Indirect immunohistochemical staining of c-kit using a polyclonal rabbit antibody was performed in order to characterize the distribution of c-kit protein in histological sections. Spermatogonia demonstrated positive staining in the basal region of the seminiferous tubules in the marmoset monkey (Fig. 1A), Djungarian hamster (Fig. 1, C and D), and mouse (not shown). C-kit immunoreactivity was also detected within the acrosomal granules and acrosomal regions of round and elongated spermatids. The Leydig cells of all species, including the photoinhibited Djungarian hamster, also demonstrated positive staining. All other germ cell types, Sertoli cells, and peritubular cells showed no staining for c-kit. Omitting the primary antibody resulted in the absence of any positive staining (Fig. 1B).

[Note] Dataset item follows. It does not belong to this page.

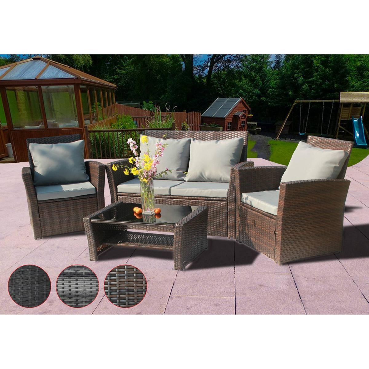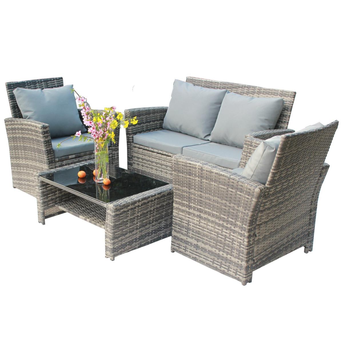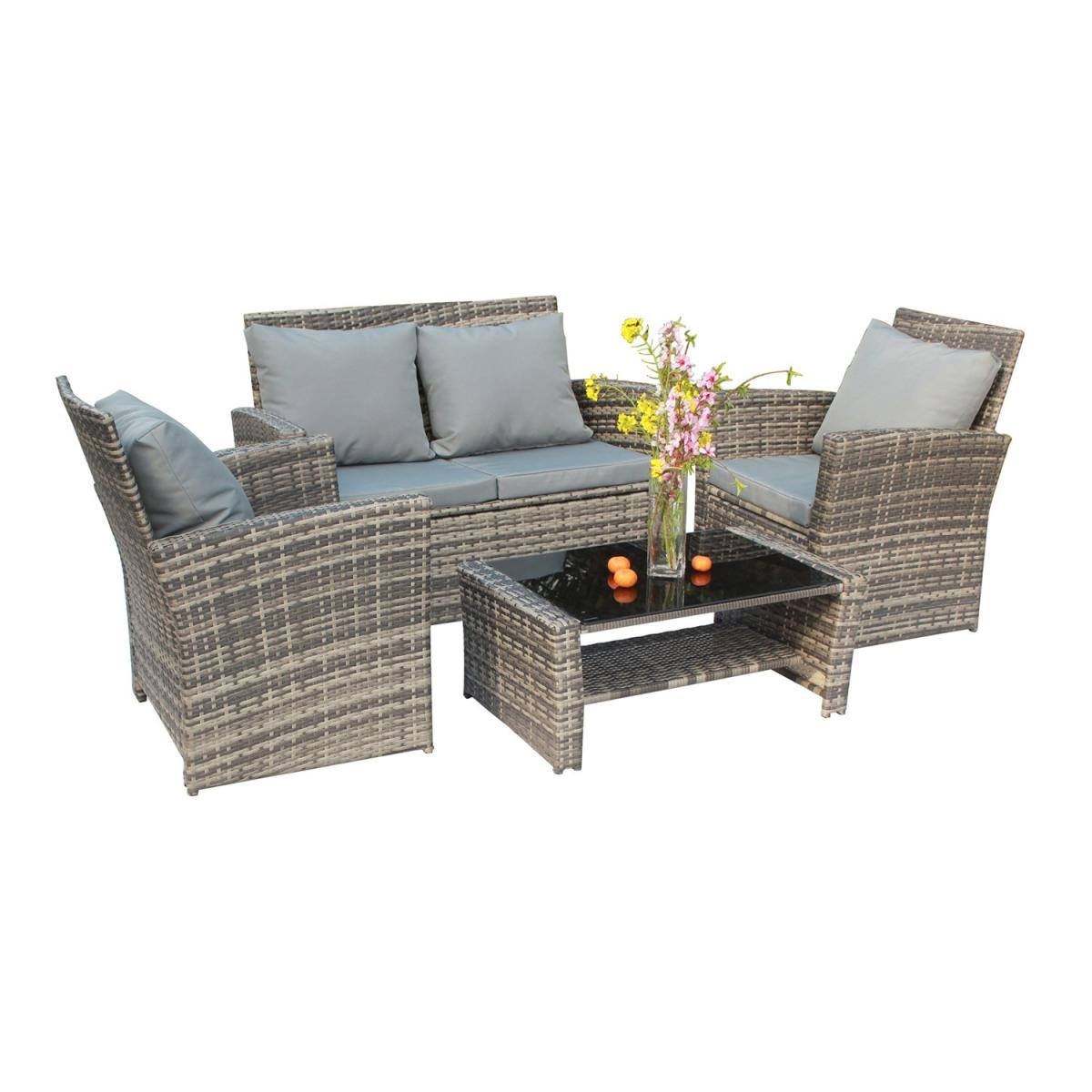 4 pieces Rattan Sofa Set complete with Chairs and Coffee Table, fashion to be used at patio, garden, conservatory to enjoy leisure times. Manual premium PE rattan weave with a wipe-clean surface, UV treated and fade resistant for a long year of use. Arrives Flat Packed. The instruction manual is provided with the purchase along with all the relevant screws and fittings.

View larger version (158K): [in this window] [in a new window]   FIG. 1. Micrographs showing immunohistochemical staining of c-kit (brown precipitate) in testis sections from marmoset monkeys (A) (control after omission of primary antibody in B) and photostimulated (C) or photoregressed (D) Djungarian hamsters. The staining was confined to spermatogonia (arrows), round and elongating spermatids (arrowheads), and Leydig cells (stars). Hematoxylin counterstain. x120.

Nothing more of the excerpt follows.